En la madrugada del 16 de julio, la fuerza aérea israelí llevó a cabo una serie de bombardeos contra objetivos estratégicos en pleno centro de Damasco. Los ataques se dirigieron específicamente contra el Ministerio de Defensa sirio, instalaciones del mando militar y las inmediaciones del palacio presidencial. El Ministerio de Sanidad sirio informó que los bombardeos causaron al menos tres fallecidos y más de treinta heridos, cifras citadas por medios como NPR, CNN y Al Jazeera.
Según declaraciones públicas del ministro de Defensa de Israel, Israel Katz, recogidas por las mismas fuentes, estos ataques constituirían “una respuesta directa a los combates registrados en la provincia de Suwayda”, donde fuerzas del nuevo gobierno sirio encabezado por el exlider de la filial de Al Qaeda en Siria, Muhammad Al Jolani, se enfrentan a milicias drusas.
Katz afirmaba públicamente que “las dolorosas represalias han comenzado”, y que el Estado de Israel actuará para impedir que el ejército sirio continúe sus operaciones militares contra la minoría drusa en el sur del país; ataques que, por su parte, han sido ampliamente corroborados. La entidad sionista, que no suele necesitar demasiadas justificaciones para atacar países de Oriente Medio, sostiene que estas intervenciones buscan “proteger” a dicha colectividad, tradicionalmente vista por el Estado de Israel como una potencial aliada en la región.

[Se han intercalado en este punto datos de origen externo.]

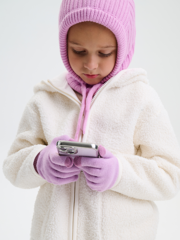 Вязаные перчатки с сенсорными пальцами — удобство и тепло для детей Эти демисезонные вязаные перчатки для мальчиков и девочек выполнены гладью — ровные и эластичные, отлично садятся по руке и сохраняют форму. На указательном и большом пальцах есть вставки с тач-эффектом, которые позволяют пользоваться сенсорными экранами без снятия перчаток. Перчатки хорошо тянутся и обеспечивают комфортную посадку, защищая руки от холода в прохладную погоду. Идеальный выбор среди демисезонных перчаток для детей, сочетающий практичность и стиль.Состав: 90%акрил 8%эластан 2%полиэстерВозрастная группа: KidsСезон: ОсеньГод: 2025Пол: ДетиГодСезон: 2025 ОсеньСтратегия: Товарная категория: Дети аксессуары

El régimen de Al Jolani denunció que los bombardeos buscan “socavar la estabilidad y fragmentar Siria”, exhortando a los países del mundo a condenar la agresión. Mientras tanto, la Casa Blanca y la Secretaría de Estado estadounidense, al igual que varias potencias regionales y mundiales, han trasladado su “preocupación” y aseguran que están mediando para “evitar una mayor escalada militar”.
Las Naciones Unidas, por su parte, han convocado una reunión urgente del Consejo de Seguridad para abordar la crisis, que se produce en medio de un repunte de violencia sectaria en el sur de Siria y enfrentamientos entre comunidades drusas, tribus beduinas locales y el ejército sirio.
Numerosos analistas ya han advertido en los últimos años que una caída abrupta de la República Árabe Siria presidida por Bashar Al-Assad y la imposición de un gobierno títere de potencias extranjeras o facciones de inspiración salafista probablemente desembocaría en episodios de fuerte tensión sectaria y luchas internas como las que se están viendo hoy en Siria.
Estas advertencias han sido documentadas en publicaciones especializadas y foros internacionales desde el inicio de la guerra en 2011, subrayando los riesgos de desestabilización profunda como las que se han experimentado en Irak, Libia y en la misma Siria, donde las poblaciones se ven seriamente amenazadas en un vacío de poder.
Sin embargo, estos avisos han sido sistemáticamente ignorados por los dirigentes occidentales y sus aliados locales, que han seguido financiando diferentes grupos armados fundamentalistas y mercenarios. Ahora que estas facciones han llegado al poder, EE.UU. y Europa están incurriendo en un creciente blanqueo, pese a las denuncias de ataques contra las minorías por parte del nuevo gobierno de Damasco.
Patio trasero
El Estado de Israel también tiene interés en una Siria desmembrada, ya que busca asegurar su ventaja estratégica en la región y prevenir la consolidación de cualquier gobierno sirio —ya sea aliado de Irán o controlado por facciones hostiles— cerca de su frontera norte. Su prioridad real, por tanto, no es la protección de la minoría drusa, sino mantener desestabilizada Siria para impedir la reconstrucción de un adversario fuerte y unificado, evitar la presencia militar iraní y de Hezbollah en el sur sirio, al tiempo que conserva el control de los Altos del Golán ocupados desde 1967.
Bombardeando infraestructuras clave y aprovechando el caos interno, el Estado de Israel debilita estructuras estatales y rivales potenciales, enviando un mensaje de poder a actores regionales y refuerza su margen de maniobra tanto frente a Siria como frente a Teherán, su mayor enemigo.